In order for the principle of conservation of momentum to hold true, the system must be isolated and there must be no external forces acting on it. In this case, the particle is moving along a circular path and there is a centripetal force acting on it, which is provided by the tension in the string. This force is directed towards the center of the circle and its magnitude is given by mv^2/r. Since this force is not acting on the particle at the two different points, the system is not truly isolated and the principle of conservation of momentum does not apply.

Additionally, it is important to note that angular momentum is a vector quantity and its direction also plays a role in its conservation. In this scenario, the direction of the angular momentum changes as the particle moves along the circular path, further contributing to the difference in its value at different points.

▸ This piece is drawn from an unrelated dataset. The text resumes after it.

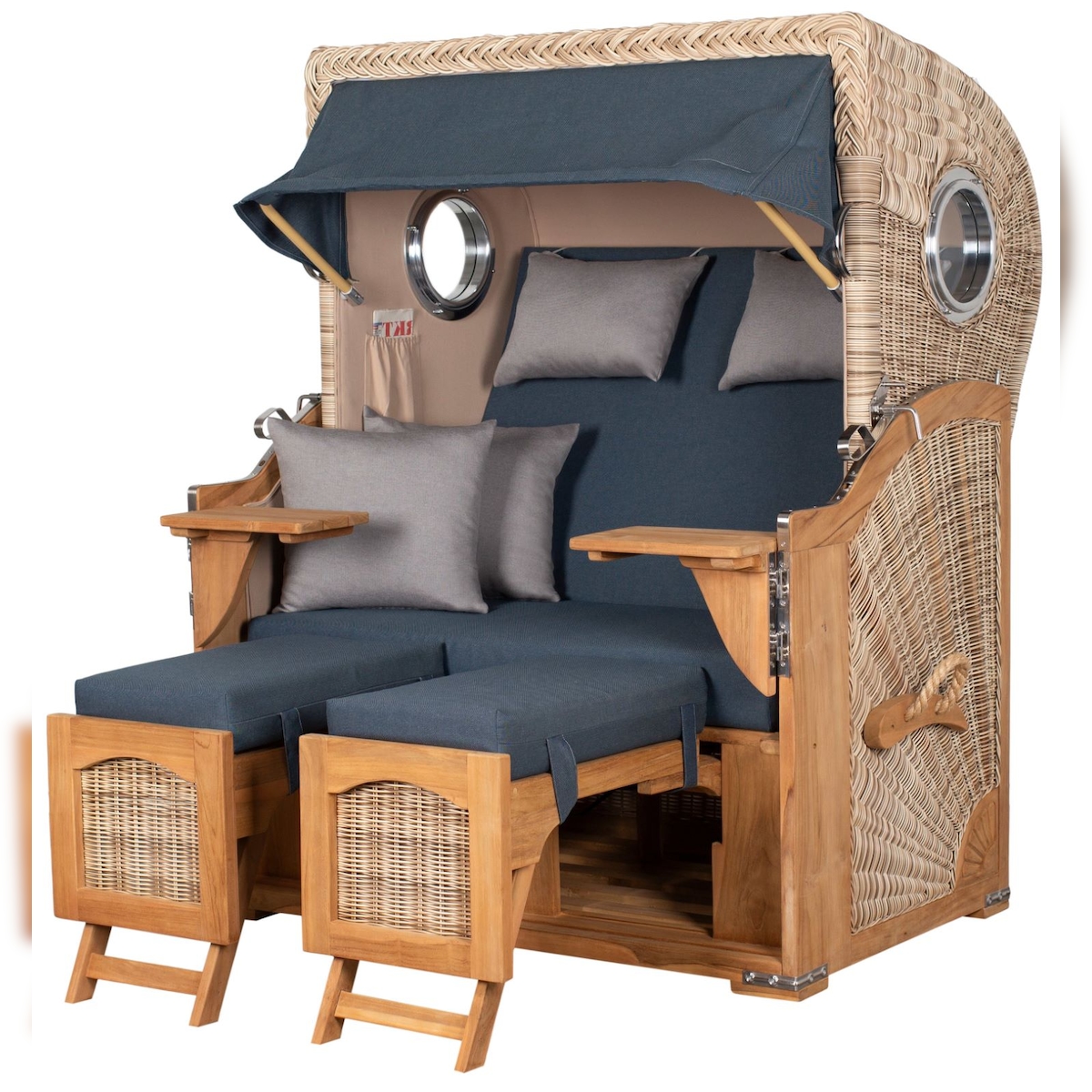 Mr. Deko Strandkorb - bene living - Ammersee Grande XL Teak Bullauge - PE grau - Modell 580 - 2,5-Sitzer inkl. Liftersystem

In conclusion, while it may seem that angular momentum is not conserved in every reference frame, it is important to consider all the factors at play in a given system. In most cases, conservation of momentum holds true and it is a fundamental principle in understanding the behavior of physical systems.
 

1. What is the conservation of momentum?

The conservation of momentum is a fundamental principle in physics that states that the total momentum of a closed system remains constant over time, regardless of any external forces acting on the system.

2. Why is conservation of momentum not universal?

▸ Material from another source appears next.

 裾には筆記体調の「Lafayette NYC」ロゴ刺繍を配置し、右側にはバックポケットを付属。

The conservation of momentum is not universal because it only applies to isolated systems where there are no external forces acting on the system. In real-world situations, there are often external forces present that can change the momentum of a system, making it not completely conserved.

3. What are some examples of conservation of momentum not being universal?

One example is when a rocket is launched into space. The rocket's momentum changes due to the force of the rocket engines, which are external to the system. Another example is when a car crashes into a wall. The car's momentum changes due to the external force of the wall.

4. How does the law of conservation of energy relate to the conservation of momentum?

The law of conservation of energy states that energy cannot be created or destroyed, only transferred or converted from one form to another. This is related to the conservation of momentum because when momentum is not conserved, it means that energy is being transferred or converted, violating the law of conservation of energy.

5. Can conservation of momentum ever be violated?

In isolated systems where there are no external forces present, the conservation of momentum will always hold true. However, in real-world situations, there can be external forces that can change the momentum of a system, making it not completely conserved. This can make it seem like the conservation of momentum is being violated, but in reality, it is just not applicable to the specific situation.